Each line of the records has to be copied exactly, though the pictures must be left out.

(Record excerpts)

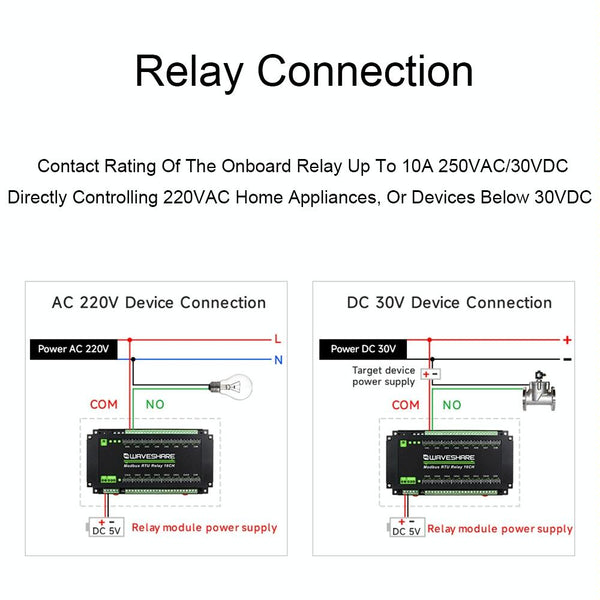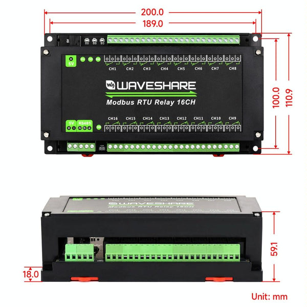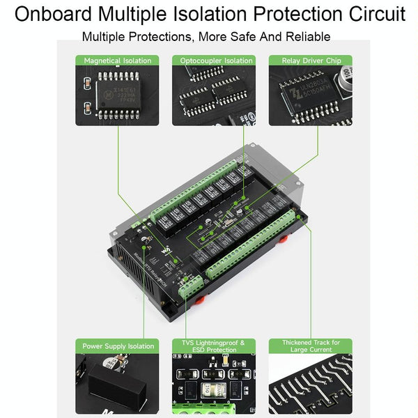 Waveshare 24921 Modbus RTU 16-Ch Relay Module, RS485 Interface, With Multiple Isolation Protection Circuits
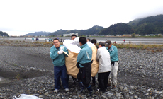 Although the quantity of driftwood was lesser compared to the previous year with a decrease in the number of typhoons that approached or directly hit Shizuoka Prefecture, the amount of driftwood and trash found in the river was still considerable. Participants of the festival combined their efforts to move the driftwood and trash to the storage space while drenching in sweat.
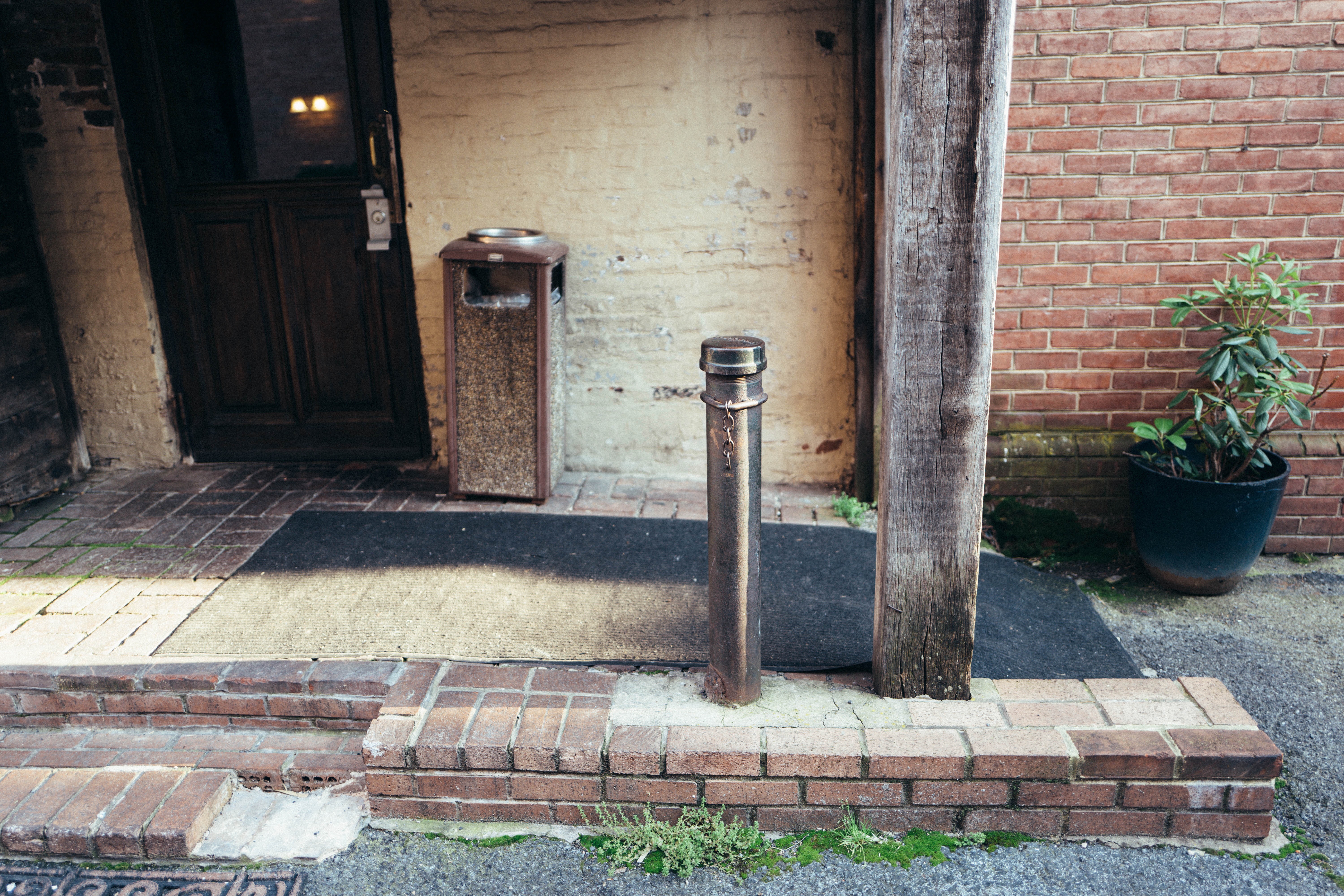The photograph captures a quiet entrance to a building, framed by a wooden post and a metal pipe, inviting reflection. Soft, natural light filters in, illuminating the weathered textures of the brick and stone, evoking a sense of nostalgia and stillness. The subtle interplay of shadow and light enhances the mood of solitude, hinting at stories untold in this tucked-away urban corner.
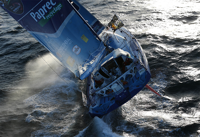 Pour autant devant, les choses ne seront pas forcément simples. Pour Jean-Pierre Dick (Virbac-Paprec 3), Alex Thomson (Hugo Boss) et Bernard Stamm (Cheminées Poujoulat), la course poursuite risque de comporter encore quelques figures de styles. Retrouver le bateau en vrac suite à un planté magistral dans une vague, peut révéler des caractères fort contrastés, du méthodique qui prendra patiemment le temps de tout remettre en état dans l’ordre, à l’énervé qui, à la manière du capitaine Haddock, s’en prendra à la mer entière et traitera les éléments de « coloquinte, courge » ou autre cucurbitacée.
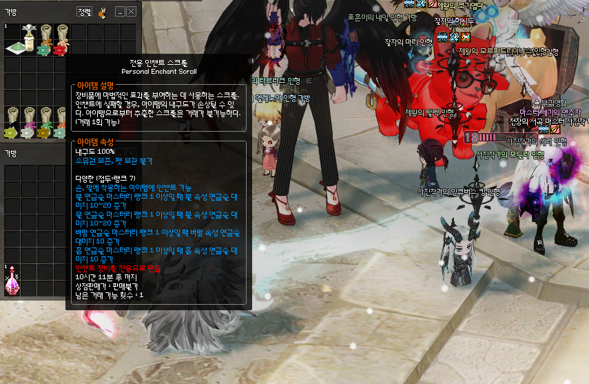 이로써 시덥잖은 운명의 부스러기에서 나오는 인챈트 4종(운명의, 랜시아, 명사수, 회오리) 다 먹어봤네
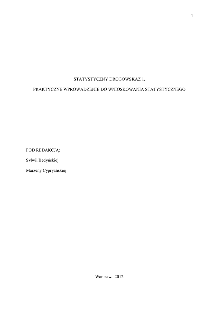 4 STATYSTYCZNY DROGOWSKAZ 1. PRAKTYCZNE WPROWADZENIE DO WNIOSKOWANIA STATYSTYCZNEGO POD REDAKCJĄ: Sylwii Bedyńskiej Marzeny Cypryańskiej Warszawa 2012 5 Spis treści CZĘŚĆ I – Przygotowanie danych do analizy statystycznej Rozdział 1. Jak badać zjawiska psychologiczne? Sylwia Bedyńska, Aneta Brzezicka, Marzena Cypryańska ………............................................11 Rozdział 2. Wprowadzanie danych i podstawy pracy z programem IBM SPSS STATISTICS. Barbara Kossakowska, Sylwia Bedyńska……………………………………. …………………43 Rozdział 3. Przyglądanie się zmiennym. Statystyki opisowe i standaryzacja. Rafał Albiński, Adrian Elczewski…………………………………………………………………85 Rozdział 4 Standardowe metody tworzenia wskaźników. Michał Ścibor-Rylski …….…………. ……………………..……………………………..119 CZĘŚĆ II - Wprowadzenie do wnioskowania statystycznego - testy różnic Rozdział 5 Wnioskowanie statystyczne na danych jakościowych. Testy chi kwadrat. Piotr Rycielski, Aneta Brzezicka……………………………………………………………144 Rozdział 6 Testy t- Studenta i ich nieparametryczne odpowiedniki. Marzena Cypryańska, Sylwia Bedyńska……………………………………………………170 CZĘŚĆ III - Wprowadzenie do wnioskowania statystycznego - testy związku Rozdział 7 Miary związku między zmiennymi. Współczynniki korelacji. Michał Ścibor-Rylski……………………………………………………..………………….212 Rozdział 8 Analiza regresji Izabela Krejtz, Krzysztof Krejtz, Agata Kopacz....................................................................243 Rozdział 9 Analiza czynnikowa i rzetelności skali. Zaawansowane metody tworzenia wskaźników Sylwia Bedyńska, Marzena Cypryańska…………..………………………………………..267 Literatura cytowana ………………………… ..................................................................311 6 Przedmowa To już drugie wydanie Statystycznego Drogowskazu! Rozwój programu IBM SPSS Statistics, zmiana nazwy, wyglądu i sposobu działania tego programu statystycznego skłoniły nas do rozważenia wznowienia Statycznego Drogowskazu oraz istotnych zmian zarówno w jego treści jak i formie. Pierwsze wydanie Statystycznego Drogowskazu przygotowane zostało na wersji 14.0 programu SPSS – do dzisiaj minęło już 6 edycji programu i obecnie mamy wersję 20.0. Proponujemy zatem szereg zmian, które mamy nadzieję ułatwią Czytelnikom nie tylko korzystanie w programu IBM SPSS Statistics, ale także zrozumienie zagadnień statystycznych i odniesienie ich do własnego problemu badawczego. Zmiany, które proponujemy należą zarówno do tych z gatunku ewolucyjnych, jak i rewolucyjnych. Zmiana rewolucyjna polega na tym, że dzielimy treść podręcznika na trzy tomy: w pierwszym prezentujemy podstawowe operacje związane z obsługą programu IBM SPSS Statistics, przygotowania danych do analizy oraz proste testy różnic i związku. To książka, która opisuje podstawy i stanowi punkt wyjścia do zrozumienia większości istniejących obecnie testów i technik statystycznych. W drugim tomie zagłębiamy się w różne schematy najbardziej popularnego testu różnic, czyli analizy wariancji. Prezentujemy te, które obejmują porównanie grup (schematy międzygrupowe) oraz te, które porównują wyniki zebrane w powtarzanych pomiarach. Trzeci tom w całości jest dedykowany różnym formom metod regresyjnych i krótkiemu wprowadzeniu do modelowania równań strukturalnych. Oczywiście, tak jak w poprzedniej książce, nie opisujemy wszystkich dostępnych metod statystycznych należących do danej grupy, a jedynie te najczęściej używane i dostępne w pakiecie statystycznym IBM SPSS Statistics. To, oczywiście, nie wyczerpuje wachlarza metod opracowanych przez statystyków i wykorzystywanych przez badaczy. Możemy przyjąć, że niniejszy podręcznik stanowi dobry punkt wyjścia do samodzielnego poznawania bardziej zaawansowanych technik statystycznych. Co można znaleźć w pierwszym tomie? Uporządkowanie treści zostało podporządkowane łączącej autorów zasadzie, by o trudnych rzeczach mówić na tyle prosto, by zagadnienie było zrozumiałe. Łączy nas także podejście do analiz statystycznych, które najlepiej wyraził jeden z najsłynniejszych statystyków, twórca analizy wariancji, Roland Fisher, twierdząc, że prośba o konsultację statystyczną dopiero po zebraniu danych przypomina raczej sekcję zwłok niż poradę lekarską. Czujemy się też jego spadkobiercami w 7 tym sensie, że tak jak on szukamy możliwości praktycznego wykorzystania statystyki w badaniach, a nie ich matematycznego piękna (choć przed drugim wcale się nie wzbraniamy). Książka została więc zorganizowana w taki sposób, aby wspierać badacza zarówno podczas planowania badania, jak i wstępnego opracowania jego wyników oraz przy ich późniejszej analizie. Autorzy prezentowanej pozycji od wielu lat starają się oswoić „statystycznego potwora” podczas zajęć ze studentami, czego efektem jest powstanie podręcznika – przewodnika bez nadmiernej liczby wzorów i teoretycznych rozważań, natomiast z możliwie wieloma praktycznymi wskazówkami oraz przykładami zastosowań każdej opisywanej tu techniki. Staraliśmy się, aby Statystyczny drogowskaz 1 łączył w sobie trzy rodzaje wskazówek: metodologiczne (jak zrobić badanie, które odpowie na nurtujące mnie pytanie), statystyczne (którego testu użyć) oraz praktyczne (jak wykonać obliczenia w programie statystycznym i potem prawidłowo je opisać). Niniejsza książka skierowana jest do szerokiego grona odbiorców: począwszy od studentów pierwszych lat psychologii i kierunków jej pokrewnych, zaczynających swe zmagania ze statystyką, poprzez magistrantów, a skończywszy na dok

(End Record excerpts)

## [Answer to this problem]
 Waveshare 24921 Modbus RTU 16-Ch Relay Module, RS485 Interface, With Multiple Isolation Protection Circuits
 Although the quantity of driftwood was lesser compared to the previous year with a decrease in the number of typhoons that approached or directly hit Shizuoka Prefecture, the amount of driftwood and trash found in the river was still considerable. Participants of the festival combined their efforts to move the driftwood and trash to the storage space while drenching in sweat.
The photograph captures a quiet entrance to a building, framed by a wooden post and a metal pipe, inviting reflection. Soft, natural light filters in, illuminating the weathered textures of the brick and stone, evoking a sense of nostalgia and stillness. The subtle interplay of shadow and light enhances the mood of solitude, hinting at stories untold in this tucked-away urban corner.
 Pour autant devant, les choses ne seront pas forcément simples. Pour Jean-Pierre Dick (Virbac-Paprec 3), Alex Thomson (Hugo Boss) et Bernard Stamm (Cheminées Poujoulat), la course poursuite risque de comporter encore quelques figures de styles. Retrouver le bateau en vrac suite à un planté magistral dans une vague, peut révéler des caractères fort contrastés, du méthodique qui prendra patiemment le temps de tout remettre en état dans l’ordre, à l’énervé qui, à la manière du capitaine Haddock, s’en prendra à la mer entière et traitera les éléments de « coloquinte, courge » ou autre cucurbitacée.
 이로써 시덥잖은 운명의 부스러기에서 나오는 인챈트 4종(운명의, 랜시아, 명사수, 회오리) 다 먹어봤네
 4 STATYSTYCZNY DROGOWSKAZ 1. PRAKTYCZNE WPROWADZENIE DO WNIOSKOWANIA STATYSTYCZNEGO POD REDAKCJĄ: Sylwii Bedyńskiej Marzeny Cypryańskiej Warszawa 2012 5 Spis treści CZĘŚĆ I – Przygotowanie danych do analizy statystycznej Rozdział 1. Jak badać zjawiska psychologiczne? Sylwia Bedyńska, Aneta Brzezicka, Marzena Cypryańska ………............................................11 Rozdział 2. Wprowadzanie danych i podstawy pracy z programem IBM SPSS STATISTICS. Barbara Kossakowska, Sylwia Bedyńska……………………………………. …………………43 Rozdział 3. Przyglądanie się zmiennym. Statystyki opisowe i standaryzacja. Rafał Albiński, Adrian Elczewski…………………………………………………………………85 Rozdział 4 Standardowe metody tworzenia wskaźników. Michał Ścibor-Rylski …….…………. ……………………..……………………………..119 CZĘŚĆ II - Wprowadzenie do wnioskowania statystycznego - testy różnic Rozdział 5 Wnioskowanie statystyczne na danych jakościowych. Testy chi kwadrat. Piotr Rycielski, Aneta Brzezicka……………………………………………………………144 Rozdział 6 Testy t- Studenta i ich nieparametryczne odpowiedniki. Marzena Cypryańska, Sylwia Bedyńska……………………………………………………170 CZĘŚĆ III - Wprowadzenie do wnioskowania statystycznego - testy związku Rozdział 7 Miary związku między zmiennymi. Współczynniki korelacji. Michał Ścibor-Rylski……………………………………………………..………………….212 Rozdział 8 Analiza regresji Izabela Krejtz, Krzysztof Krejtz, Agata Kopacz....................................................................243 Rozdział 9 Analiza czynnikowa i rzetelności skali. Zaawansowane metody tworzenia wskaźników Sylwia Bedyńska, Marzena Cypryańska…………..………………………………………..267 Literatura cytowana ………………………… ..................................................................311 6 Przedmowa To już drugie wydanie Statystycznego Drogowskazu! Rozwój programu IBM SPSS Statistics, zmiana nazwy, wyglądu i sposobu działania tego programu statystycznego skłoniły nas do rozważenia wznowienia Statycznego Drogowskazu oraz istotnych zmian zarówno w jego treści jak i formie. Pierwsze wydanie Statystycznego Drogowskazu przygotowane zostało na wersji 14.0 programu SPSS – do dzisiaj minęło już 6 edycji programu i obecnie mamy wersję 20.0. Proponujemy zatem szereg zmian, które mamy nadzieję ułatwią Czytelnikom nie tylko korzystanie w programu IBM SPSS Statistics, ale także zrozumienie zagadnień statystycznych i odniesienie ich do własnego problemu badawczego. Zmiany, które proponujemy należą zarówno do tych z gatunku ewolucyjnych, jak i rewolucyjnych. Zmiana rewolucyjna polega na tym, że dzielimy treść podręcznika na trzy tomy: w pierwszym prezentujemy podstawowe operacje związane z obsługą programu IBM SPSS Statistics, przygotowania danych do analizy oraz proste testy różnic i związku. To książka, która opisuje podstawy i stanowi punkt wyjścia do zrozumienia większości istniejących obecnie testów i technik statystycznych. W drugim tomie zagłębiamy się w różne schematy najbardziej popularnego testu różnic, czyli analizy wariancji. Prezentujemy te, które obejmują porównanie grup (schematy międzygrupowe) oraz te, które porównują wyniki zebrane w powtarzanych pomiarach. Trzeci tom w całości jest dedykowany różnym formom metod regresyjnych i krótkiemu wprowadzeniu do modelowania równań strukturalnych. Oczywiście, tak jak w poprzedniej książce, nie opisujemy wszystkich dostępnych metod statystycznych należących do danej grupy, a jedynie te najczęściej używane i dostępne w pakiecie statystycznym IBM SPSS Statistics. To, oczywiście, nie wyczerpuje wachlarza metod opracowanych przez statystyków i wykorzystywanych przez badaczy. Możemy przyjąć, że niniejszy podręcznik stanowi dobry punkt wyjścia do samodzielnego poznawania bardziej zaawansowanych technik statystycznych. Co można znaleźć w pierwszym tomie? Uporządkowanie treści zostało podporządkowane łączącej autorów zasadzie, by o trudnych rzeczach mówić na tyle prosto, by zagadnienie było zrozumiałe. Łączy nas także podejście do analiz statystycznych, które najlepiej wyraził jeden z najsłynniejszych statystyków, twórca analizy wariancji, Roland Fisher, twierdząc, że prośba o konsultację statystyczną dopiero po zebraniu danych przypomina raczej sekcję zwłok niż poradę lekarską. Czujemy się też jego spadkobiercami w 7 tym sensie, że tak jak on szukamy możliwości praktycznego wykorzystania statystyki w badaniach, a nie ich matematycznego piękna (choć przed drugim wcale się nie wzbraniamy). Książka została więc zorganizowana w taki sposób, aby wspierać badacza zarówno podczas planowania badania, jak i wstępnego opracowania jego wyników oraz przy ich późniejszej analizie. Autorzy prezentowanej pozycji od wielu lat starają się oswoić „statystycznego potwora” podczas zajęć ze studentami, czego efektem jest powstanie podręcznika – przewodnika bez nadmiernej liczby wzorów i teoretycznych rozważań, natomiast z możliwie wieloma praktycznymi wskazówkami oraz przykładami zastosowań każdej opisywanej tu techniki. Staraliśmy się, aby Statystyczny drogowskaz 1 łączył w sobie trzy rodzaje wskazówek: metodologiczne (jak zrobić badanie, które odpowie na nurtujące mnie pytanie), statystyczne (którego testu użyć) oraz praktyczne (jak wykonać obliczenia w programie statystycznym i potem prawidłowo je opisać). Niniejsza książka skierowana jest do szerokiego grona odbiorców: począwszy od studentów pierwszych lat psychologii i kierunków jej pokrewnych, zaczynających swe zmagania ze statystyką, poprzez magistrantów, a skończywszy na dok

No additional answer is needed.